ABSTRACT

In this work we discuss Hebb’s old ideas about cell assemblies in the light of recent results concerning temporal structure and correlations in neural signals. We want to give a conceptual (and necessarily only rough) picture of how ideas about “binding by synchronization”, “synfire chains”, “local and global assemblies”, “short and long term memory” and “behaviour” might be integrated into a coherent model of brain functioning based on neuronal assemblies. KEYWORDS: Cell assemblies; Synchronization; Gamma-oscillations; Synfire chains; Memory; Behaviour

1. CELL ASSEMBLIES AND ASSOCIATIVE MEMORIES

1.1. Cell Assemblies

Cell assemblies were introduced by Donald Hebb with the intention of providing a functional, and at the same time a structural model for cortical processes and neuronal representations of external events (Hebb, 1949). According to Hebb’s ideas, stimuli, objects, things, but also more abstract entities, like concepts, contextual relations, ideas (and so on) are considered to be represented in the brain by simultaneous activation of large groups of neurones, which are connected by relatively numerous and/or strong mutual excitatory synapses. Each single neurone may belong to many different cell assemblies. The determinant of an assembly is the connectivity structure between cells. This defines which cells lend support to each others’ firing, and hence have a higher probability of becoming coactivated in a reliable manner in response to different versions of the same stimulus.
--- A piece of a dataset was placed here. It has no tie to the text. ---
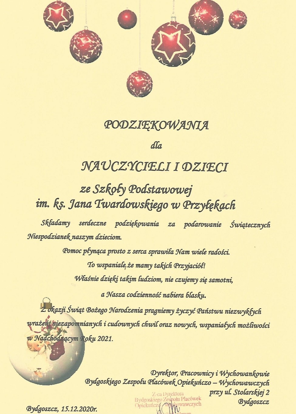 Szanowni Rodzice, Drodzy Uczniowie Za nami pierwszy etap budowy skateparku przy Szkole Podstawowej w Przyłękach. Dzięki inicjatywie uczniów naszej szkoły, wspólnymi siłami spełniliśmy marzenie naszych dzieci. Serdeczne podziękowania za wsparcie projektu składam na ręce Wójta Gminy Białe Błota Pana Dariusza Fundatora, Radnych Gminy Białe Błota, Sołtysa Przyłęk Pana Pawła Zuehlke, Pani Magdaleny Zuehlke – Prezesa …

If an external stimulus excites a sufficiently large subset of cells of an assembly, then the whole assembly can “ignite” or “fire”, because recurrent activity,

distributed via the specific mutual connections, can also raise above threshold those cells which are not (or are only weakly) stimulated externally. This can be viewed as an elementary associative process, where the firing of externally driven cells represents the key information, and triggers the firing of cells representing information addressed by, but not yet contained in the key. In a similar way, some kind of short term memory is also supported. If continuously changing sub-groups of cells produce maintained activation of other groups, the activation within the assembly may survive for some time after its ignition, even if the external stimulation has already vanished.